In recent months, a cybercriminal gang known as LAPSUS$ has claimed responsibility for several high-profile attacks against technology companies. In addition to these attacks, LAPSUS$ was also able to successfully launch a ransomware attack against the Brazilian Ministry of Health. While high-profile cyber-attacks are certainly nothing new, there are several things that make LAPSUS$ unique.
- The alleged mastermind of these attacks and several other alleged accomplices were all teenagers.
- Unlike more traditional ransomware gangs, LAPSUS$ has a very strong social media presence.
- The gang is best known for data exfiltration. It has stolen source code and other proprietary information and has often leaked this information on the Internet.

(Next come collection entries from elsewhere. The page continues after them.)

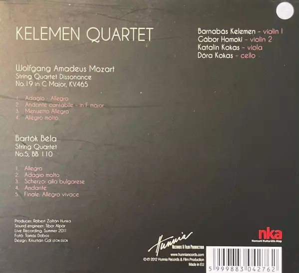 | Artiste | Wolfgang Amadeus Mozart | Béla Bartók | Kelemen Quartet |
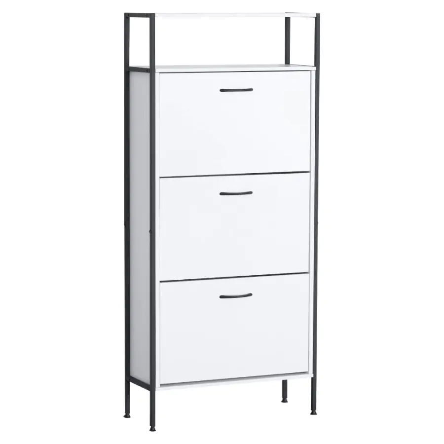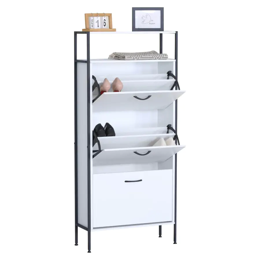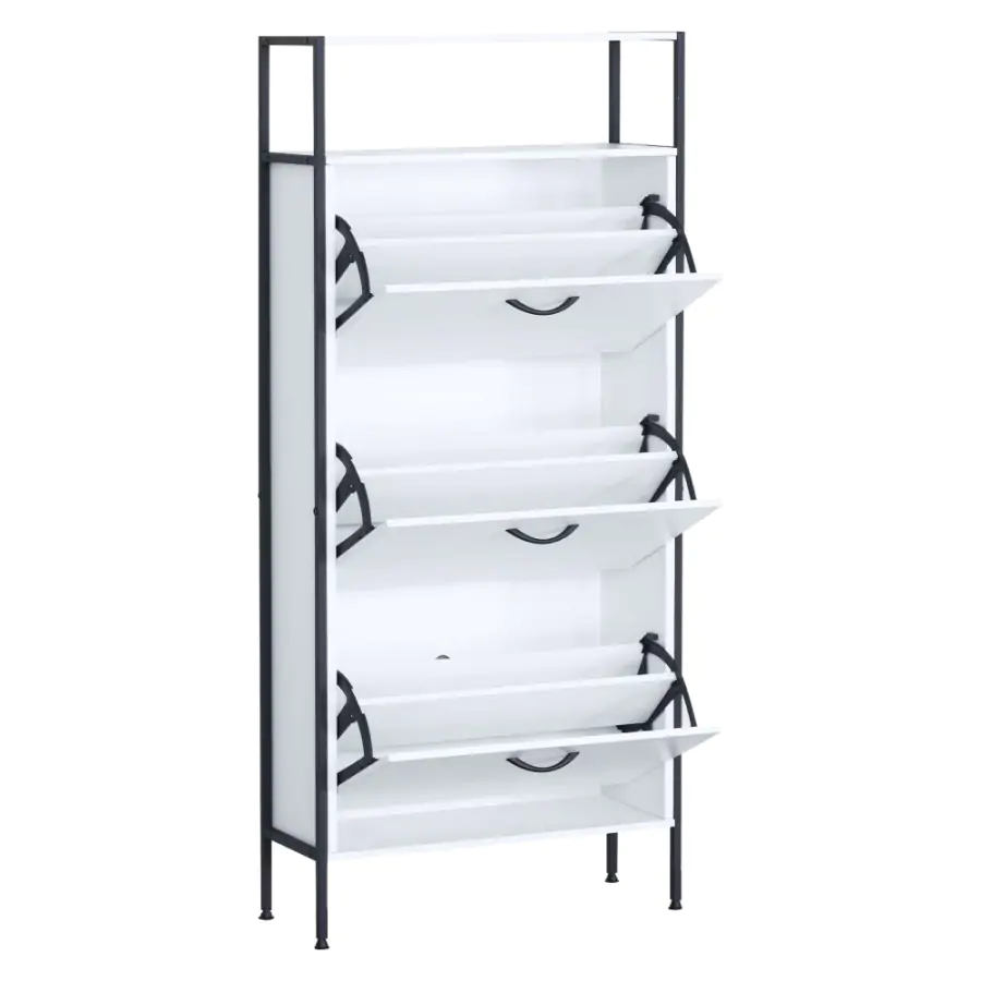 Jeho minimalistický vzhled v bílé barvě s černými detaily se dokonale hodí do moderních interiérů. Výklopný mechanismus usnadňuje přístup k obuvi a pomáhá udržovat předsíň uklizenou.
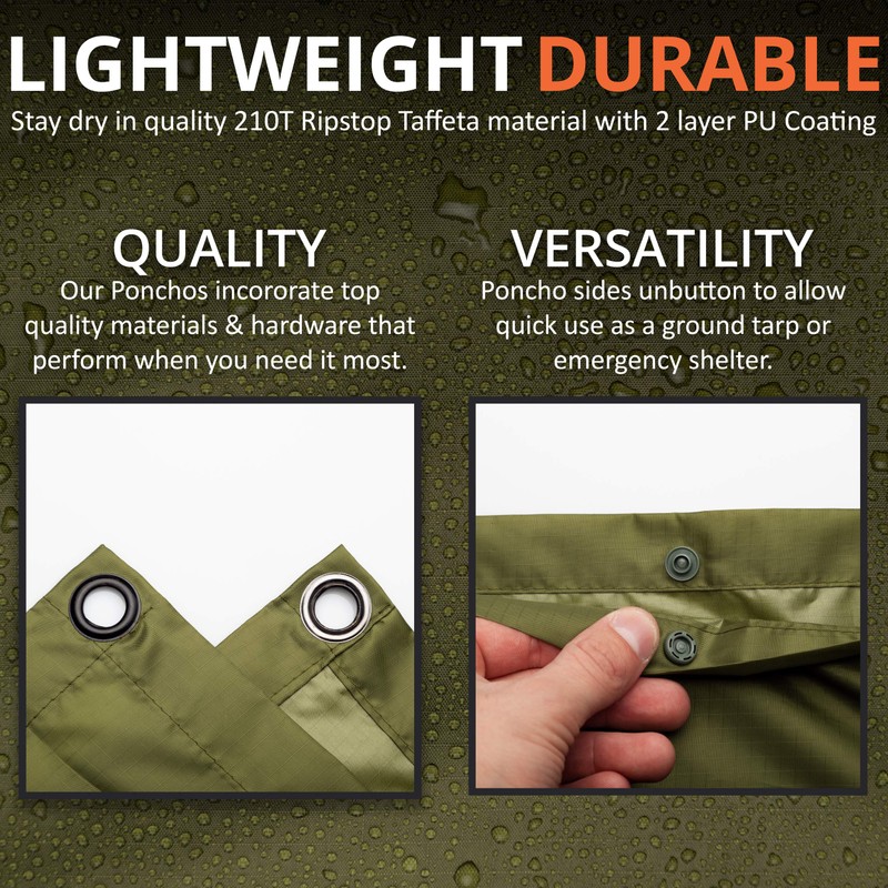 - MULTIPLE USES: Great rain gear for hiking, backpacking, and camping. This multi-use rain poncho can also be used as a tent, lean-to shelter or ground cloth.

In the case of Nvidia, for example, the attackers gained access to hundreds of gigabytes of proprietary data, including information about chips that the company is developing. Perhaps more disturbing; however, LAPSUS$ claims to have stolen the credentials of thousands of Nvidia employees. The exact number of credentials stolen is somewhat unclear, with various tech news sites reporting differing numbers. However, Specops was able to obtain approximately 30,000 passwords that were compromised in the breach. A technology company could conceivably suffer irreparable harm by having its source code, product roadmap, or research and development data leaked, especially if that data were to be made available to competitors. Even though the LAPSUS$ attacks have thus far focused primarily on technology companies, any organization could conceivably become a victim of such an attack. As such, all companies must carefully consider what they can be doing to keep their most sensitive data out of the hands of cybercriminals. The other important takeaway from the LAPSUS$ attacks was that while there is no definitive information about how the attackers gained access to their victim’s networks, the list of leaked Nvidia credentials that was acquired by Specops clearly reveals that many employees were using extremely weak passwords. Some of these passwords were common words (welcome, password, September, etc.), which are extremely susceptible to dictionary attacks. Many other passwords included the company name as a part of the password (nvidia3d, mynvidia3d, etc.). At least one employee even went so far as to use the word Nvidia as their password! While it is entirely possible that the attackers used an initial penetration method that was not based on the use of harvested credentials, it is far more likely that these weak credentials played a pivotal role in the attack. This, of course, raises the question of what other companies can do to prevent their employees from using similarly weak passwords, making the organization vulnerable to attack. Setting up a password policy that requires lengthy and complex passwords is a good start, but there is more that companies should be doing.
One key measure that organizations can use to prevent the use of weak passwords is to create a custom dictionary of words or phrases that are not permitted to be used as a part of the password. Remember that in the Nvidia attack, employees often used the word Nvidia either as their password or as a component of their password. A custom dictionary could have been used to prevent any password from containing the word Nvidia.Another, even more important way that an organization can prevent the use of weak passwords is to create a policy preventing users from using any password that is known to have been leaked. When a password is leaked, that password is hashed, and the hash is usually added to a database of password hashes. If an attacker acquires a password hash, they can simply compare the hash to the hash database, quickly revealing the password without having to perform a time-consuming brute force or dictionary-based crack.